很久之前看到的东西了,今天总算抽空把它写完了。
最开始是在 Quora 上看到一个很有意思的答案,虽然是简单的抛硬币问题,但结果确实是相当反直觉,因此,干脆用 Python 写了一系列的小程序,来验证这些结果。
第一个游戏很简单,抛一个硬币,连续抛两次,先后出现正面(heads,后面记为H)和反面(tail,后面记为T)的概率是ht,先后出现HH的概率记为hh。很显然,两者相等。程序验证也很简单,试验十万次,看分别出现多少次。
def game1():
# flip twice, the possibility of HH or HT
hh = 0; ht = 0
for i in xrange(100000):
pre = ''; cur = '' # previous and current
pre = random.choice(['H','T'])
cur = random.choice(['H','T'])
if pre+cur == 'HH':
hh += 1
if pre+cur == 'HT':
ht += 1
print hh, ht
## my result: 24943 24776
那么,游戏变一下。假如连续抛一个硬币,直到出现HH或HT(注意HT是有顺序的),问题是,两者需要抛的次数相同吗?基于前面的结论,似乎应该相同,然而,结果是,不同。同样地,代码说话:
def game2():
# flip until HH or HT, in average which took more flips?
hh = []; ht = []
for _ in xrange(100000):
pre = ''; cur = ''
for i in xrange(99):
pre = cur; cur = random.choice(['H','T'])
if pre+cur == 'HH':
hh += [i+1]
break
for _ in xrange(100000):
pre = ''; cur = ''
for i in xrange(99):
pre = cur; cur = random.choice(['H','T'])
if pre+cur == 'HT':
ht += [i+1]
break
hh = np.array(hh); ht = np.array(ht)
print np.mean(hh), np.mean(ht)
## my result: 6.00559 3.99
无视里面用了一小段很丑陋的实现吧。

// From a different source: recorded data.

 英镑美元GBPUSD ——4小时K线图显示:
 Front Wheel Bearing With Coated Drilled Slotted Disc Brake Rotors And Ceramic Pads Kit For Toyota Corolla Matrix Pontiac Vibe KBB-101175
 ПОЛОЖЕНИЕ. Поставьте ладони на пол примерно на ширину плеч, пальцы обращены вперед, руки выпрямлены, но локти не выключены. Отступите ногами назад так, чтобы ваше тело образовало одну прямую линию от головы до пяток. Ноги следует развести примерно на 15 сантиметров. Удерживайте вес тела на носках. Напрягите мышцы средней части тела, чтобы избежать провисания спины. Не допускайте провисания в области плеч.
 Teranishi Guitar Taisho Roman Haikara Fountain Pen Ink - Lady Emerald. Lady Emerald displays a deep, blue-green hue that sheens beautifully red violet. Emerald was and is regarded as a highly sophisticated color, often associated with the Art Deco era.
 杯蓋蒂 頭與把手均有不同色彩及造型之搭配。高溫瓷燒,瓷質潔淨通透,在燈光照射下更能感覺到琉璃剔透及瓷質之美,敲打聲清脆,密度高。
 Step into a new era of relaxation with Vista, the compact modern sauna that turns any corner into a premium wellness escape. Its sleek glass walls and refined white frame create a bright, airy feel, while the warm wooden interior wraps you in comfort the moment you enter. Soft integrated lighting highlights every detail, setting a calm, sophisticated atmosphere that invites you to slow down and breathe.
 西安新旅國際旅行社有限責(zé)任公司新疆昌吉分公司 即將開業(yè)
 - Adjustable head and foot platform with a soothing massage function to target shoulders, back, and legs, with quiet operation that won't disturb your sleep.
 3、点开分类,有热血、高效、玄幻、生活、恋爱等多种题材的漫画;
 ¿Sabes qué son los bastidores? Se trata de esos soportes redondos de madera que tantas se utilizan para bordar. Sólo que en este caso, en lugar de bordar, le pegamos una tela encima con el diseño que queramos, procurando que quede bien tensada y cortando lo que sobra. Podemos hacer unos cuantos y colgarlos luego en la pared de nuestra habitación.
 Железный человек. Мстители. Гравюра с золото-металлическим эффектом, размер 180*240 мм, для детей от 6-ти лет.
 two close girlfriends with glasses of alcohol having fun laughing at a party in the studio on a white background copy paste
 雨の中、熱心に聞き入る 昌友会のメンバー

。。对结果是没影响的。
接下来,如果连续抛,出现HH则A赢,出现HT则B赢,问,谁更可能赢?结果是,一样的可能:
def game3():
# flip until HH or HT, if HH, A win, if HT, B win. Is the game fair?
hh = 0; ht = 0
for _ in xrange(100000):
pre = ''; cur = ''
for i in xrange(99):
pre = cur; cur = random.choice(['H','T'])
if pre+cur == 'HH':
hh += 1
break
if pre+cur == 'HT':
ht += 1
break
print hh, ht
## my result: 50028 49972
再然后,连续抛,如果出现HHT则A赢,如果出现THH则B赢。注意到HHT和THH是对称的,所以一个直观的猜测是两人赢面相同,但实际上,并非如此:
def game4():
# flip until HHT and THH, if HHT, A win, if THH, B win. Is the game fair?
hht = 0; thh = 0
for _ in xrange(100000):
ppr = ''; pre = ''; cur = ''
for i in xrange(99):
ppr = pre; pre = cur; cur = random.choice(['H','T'])
if ppr+pre+cur == 'HHT':
hht += 1
break
if ppr+pre+cur == 'THH':
thh += 1
break
print hht, thh
## my result: 25031 74969
最有意思的来了。上面的游戏里A发现B赢得更多一点,于是A选择了THH,B就换成了TTH,结果A还是输。A换成TTH,B就换成HTT,A又输。A换成HTT,B换成HHT,A还输。上面几局写成不等式更直观一点:thh > hht, tth > thh, htt > tth, hht > htt。WTF?!!!
def game5():
print "THH vs HHT"
thh = 0; hht = 0
for _ in xrange(100000):
ppr = ''; pre = ''; cur = ''
for i in xrange(99):
ppr = pre; pre = cur; cur = random.choice(['H','T'])
if ppr+pre+cur == 'THH':
thh += 1
break
if ppr+pre+cur == 'HHT':
hht += 1
break
print 'THH, HHT: ', thh, hht
print "\nTTH vs. THH"
tth = 0; thh = 0
for _ in xrange(100000):
ppr = ''; pre = ''; cur = ''
for i in xrange(99):
ppr = pre; pre = cur; cur = random.choice(['H','T'])
if ppr+pre+cur == 'TTH':
tth += 1
break
if ppr+pre+cur == 'THH':
thh += 1
break
print 'TTH, THH: ', tth, thh
print "\nHTT vs. TTH"
htt = 0; tth = 0
for _ in xrange(100000):
ppr = ''; pre = ''; cur = ''
for i in xrange(99):
ppr = pre; pre = cur; cur = random.choice(['H','T'])
if ppr+pre+cur == 'TTH':
tth += 1
break
if ppr+pre+cur == 'HTT':
htt += 1
break
print 'HTT, TTH: ', htt, tth
print "\nHHT vs. HTT"
hht = 0; htt = 0
for _ in xrange(100000):
ppr = ''; pre = ''; cur = ''
for i in xrange(99):
ppr = pre; pre = cur; cur = random.choice(['H','T'])
if ppr+pre+cur == 'HHT':
hht += 1
break
if ppr+pre+cur == 'HTT':
htt += 1
break
print 'HHT, HTT: ', hht, htt
## Result:
## THH vs HHT
## THH, HHT: 75095 24905
##
## TTH vs. THH
## TTH, THH: 66986 33014
##
## HTT vs. TTH
## HTT, TTH: 74937 25063
##
## HHT vs. HTT
## HHT, HTT: 66880 33120
其实这个游戏叫 Penny’s Game,有兴趣的并且高中数学没丢的可以自己再手算一下上面的概率或者数学期望,再验证一下。